Indeed. I just tried 'faiss_hnsw_nn' as well. It's fast since it's an ANN. However when calculating metrics, it throws errors including:

(1) Loaded runtime CuDNN library: 8.3.3 but source was compiled with: 8.6.0. CuDNN library needs to have matching major version and equal or higher minor version. If using a binary install, upgrade your CuDNN library. If building from sources, make sure the library loaded at runtime is compatible with the version specified during compile configuration.

(2) File /egr/research-dselab/wenhongz/miniconda3/envs/scib/lib/python3.9/site-packages/jax/_src/dispatch.py:1030, in backend_compile(backend, built_c, options, host_callbacks)
1025 return backend.compile(built_c, compile_options=options,
1026 host_callbacks=host_callbacks)
1027 # Some backends don't have host_callbacks option yet
1028 # TODO(sharadmv): remove this fallback when all backends allow compile
1029 # to take in host_callbacks
-> 1030 return backend.compile(built_c, compile_options=options)

XlaRuntimeError: INTERNAL: RET_CHECK failure (external/org_tensorflow/tensorflow/compiler/xla/service/gpu/gpu_compiler.cc:627) dnn != nullptr

I am trying to resolve them.

====================Update==============

After resolve the JAX error, it now throws an error:
ValueError: Each cell must have the same number of neighbors.

I suppose the metric does not support ANNs like HNSW.

@wehos I really can't help with debugging faiss installation. I can say installing with conda worked for me and it's using the GPU.

I would like to focus this issue on the metrics potentially being slow.

@wehos can you share the dimension of the latent arrays? The time you see on the tutorial is from one RTX3090 gpu and latents were about 20dim

I opened up allowing custom nearest neighbors methods so that one could use any method. RAPIDS also has gpu accelerated nearest neighbors if you can manage to install it.

wehos commented

@wehos I really can't help with debugging faiss installation. I can say installing with conda worked for me and it's using the GPU.

I would like to focus this issue on the metrics potentially being slow.

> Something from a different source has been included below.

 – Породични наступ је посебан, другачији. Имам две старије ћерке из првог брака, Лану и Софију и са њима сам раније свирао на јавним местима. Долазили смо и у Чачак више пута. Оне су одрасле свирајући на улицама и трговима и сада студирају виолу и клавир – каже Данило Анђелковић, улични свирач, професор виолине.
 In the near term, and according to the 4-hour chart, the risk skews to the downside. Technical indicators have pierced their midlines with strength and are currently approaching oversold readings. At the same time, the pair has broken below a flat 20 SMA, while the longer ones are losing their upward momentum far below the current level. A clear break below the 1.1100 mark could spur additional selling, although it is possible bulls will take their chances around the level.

@wehos can you share the dimension of the latent arrays? The time you see on the tutorial is from one RTX3090 gpu and latents were about 20dim

Hi @adamgayoso. I just reproduced the original tutorial. Though I still not being able to accelerate knn, the pynndescent takes 43 minutes and overall it runs 122 mins. Although it's still far more slower than the original result, I tend to believe this is due to the CPU performance difference.

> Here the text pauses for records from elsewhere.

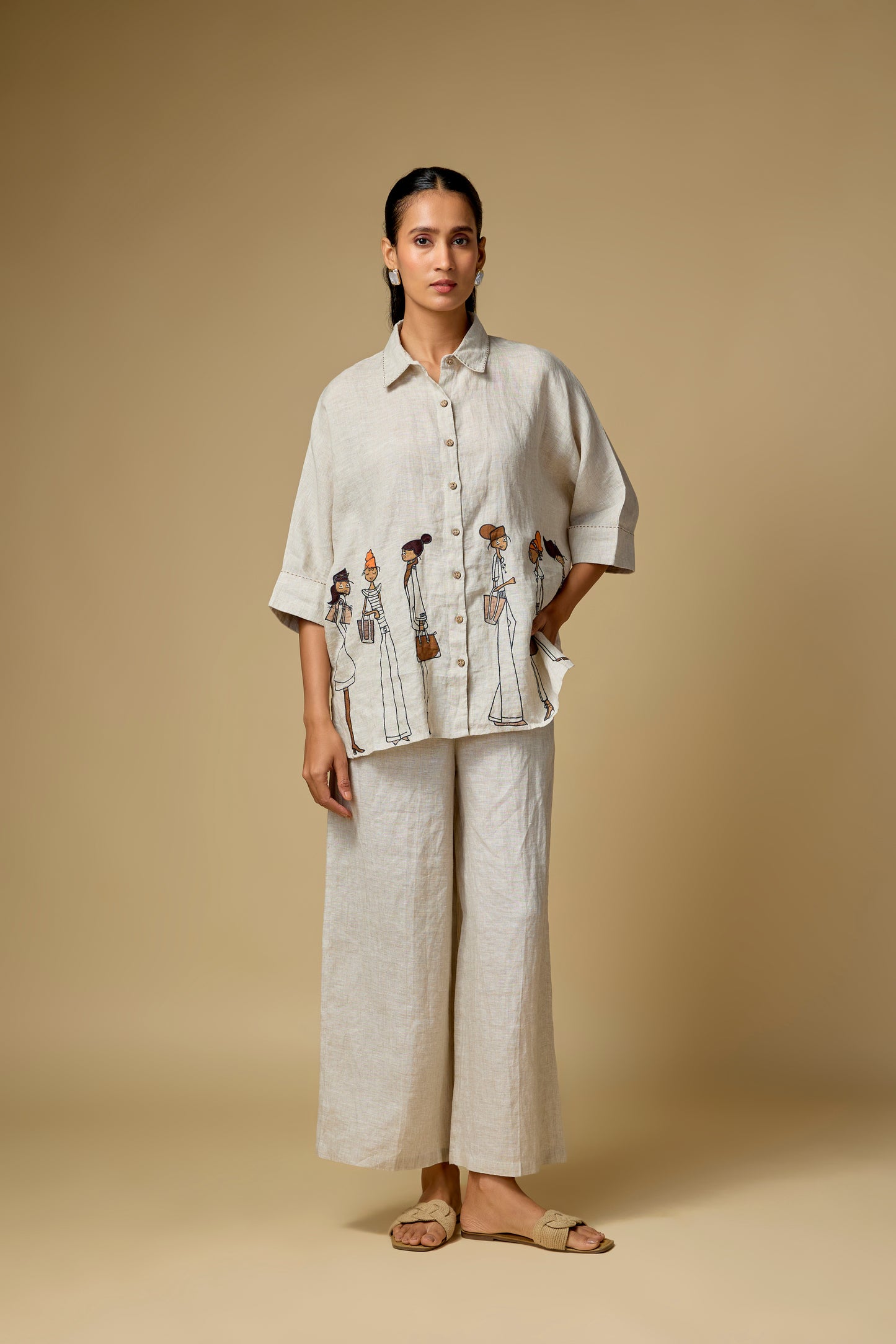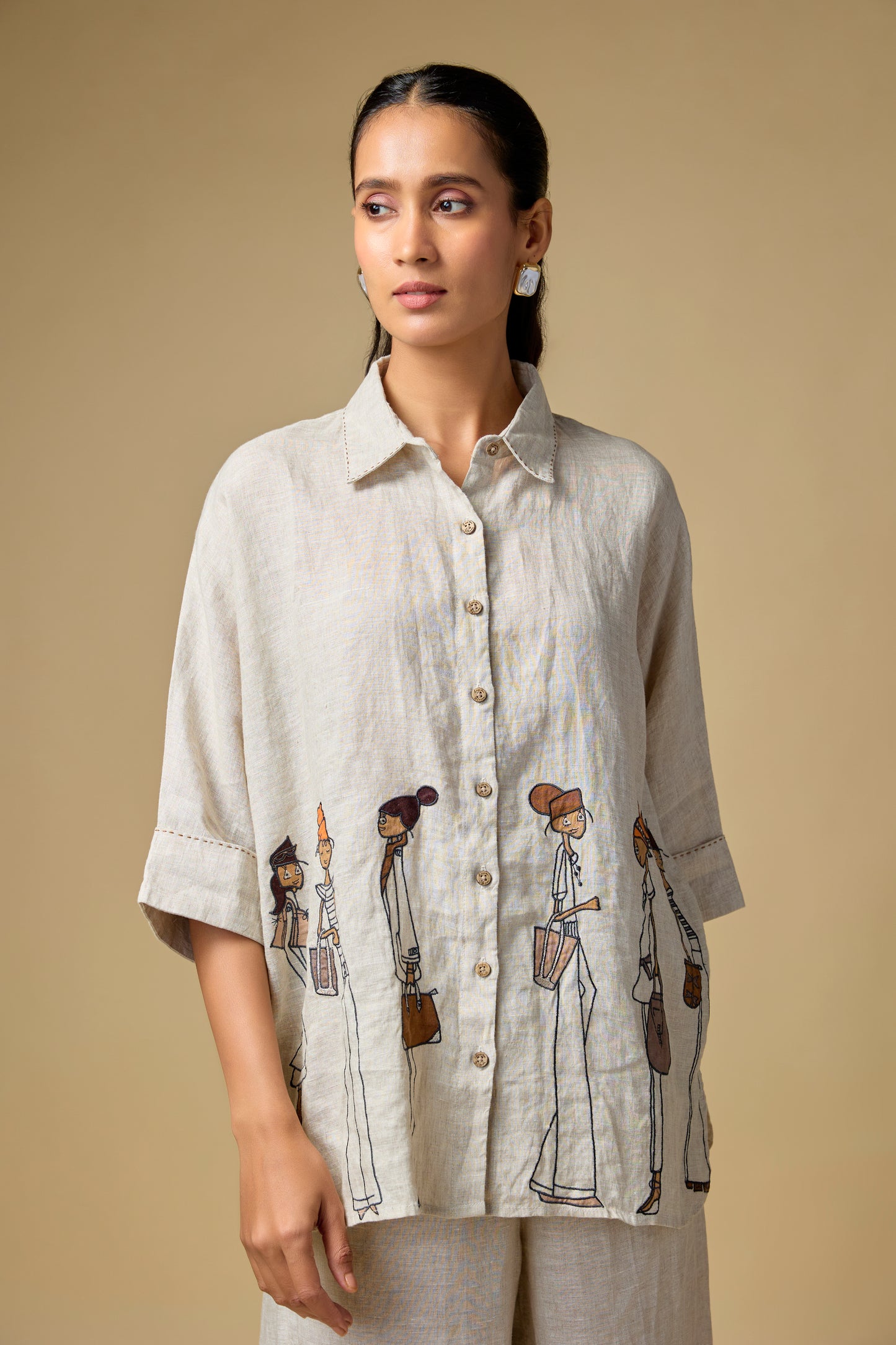 Beige Cubic Horse Emb Half Sleeve Shirt
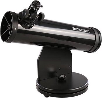 ToepassingDe is een krachtige en eenvoudige telescoop. Zodra de telescoop op een vlakke ondergrond geplaatst wordt is het gebruiksklaar. Door de Dobsonmontering kan de telescoop eenvoudig links- en rechtsom bewegen alsook naar boven en beneden. Wanneer de juiste positie bereikt is kan dit vastgezet worden met de handige vergrendelknoppen.
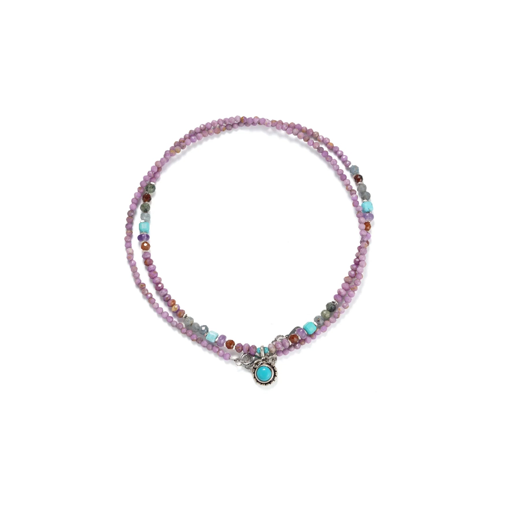 Circle Turquoise and Beaded Necklace in 925 Sterling Silver
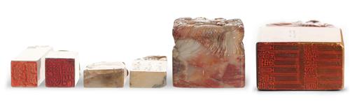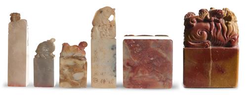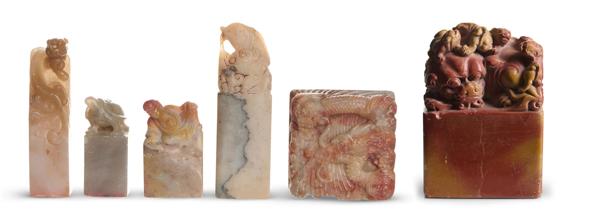 Comprising a large red and grey stone dragon decorated seal; a grey stone turtle decorated seal with four character mark to base; a brown and red stone seal with a drunken sage decoration; a white and pale brown qilong decorated seal with three character mark to base; an inscribed grey stone seal with leaping carp decoration; and a large pink and brown stone seal with guardian lion and cub decoration with a twelve character mark to base and a fitted cloth-covered box.
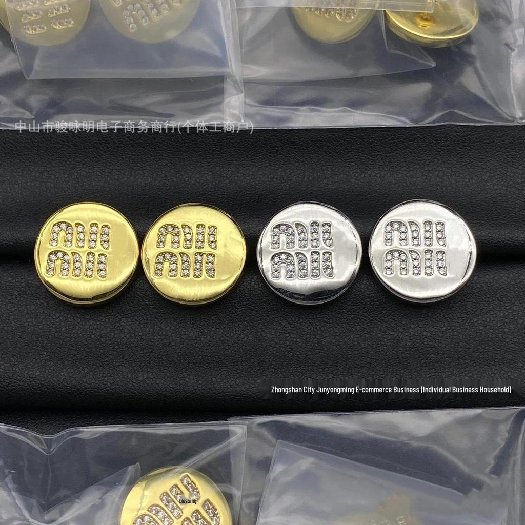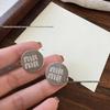 Mius zweireihige Kristall-Buchstaben 'Miu' Runde Kuchen-Steckohrringe: Süßer Stil für Damen und Mädchen
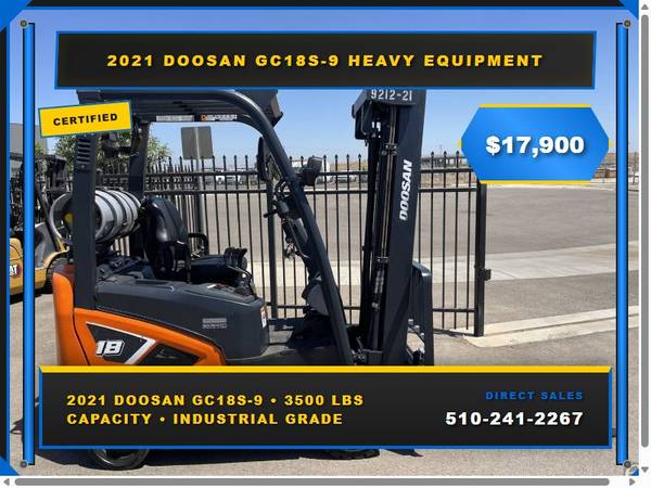 Picture 4: 2021 Doosan GC18S-9 Capacity: 3,500 lbs Fuel: LP Gas Subcategory: Cushion Tire 4 Wheel Sit Down (Indoor Warehouse) Mast Type: Three Stage Mast Height: 86 in Side Shifter: Yes Hours: 4,100 Condition: Used Stock: 900614 Price: $17,900

Regarding my previous report (5 hours evaluating one model), it is probably due to the temporary congestion of server CPUs.
My apology for the rushed reporting.

I think it's great to receive the reports, I just want to understand fully what's happening :)

For knn, you can write a method that uses rapids as I linked above if you are having trouble with faiss.

Came across this due to the RAPIDS mention. RAPIDS cuML now provides experimental support for CPU execution for an initial set of estimators (including NearestNeighbors). You can install and prototype on a laptop or other machine without an NVIDIA GPU by installing the cuml-cpu package and then use the same code when you have access to a GPU by installing the cuml package. The cuML documentation now includes an example notebook and the v23.02 release blog has more information.

@adamgayoso Hey, we just ran into this problem as well using this fine package.
I noticed some potential issue in the faiss code provided in the tutorial notebook:
Both faiss kNN functions contain these three lines of code

  gpu_index = faiss.index_cpu_to_gpu(res, 0, index)
  index.add(X)
  distances, indices = index.search(X, k)

To properly run this with GPU acceleration, shouldn't the second and third line also reference gpu_index rather than index?
At least for us this seems to fix the issue of no GPU utilization when using faiss_brute_force_nn() and dramatically speeds up the computation.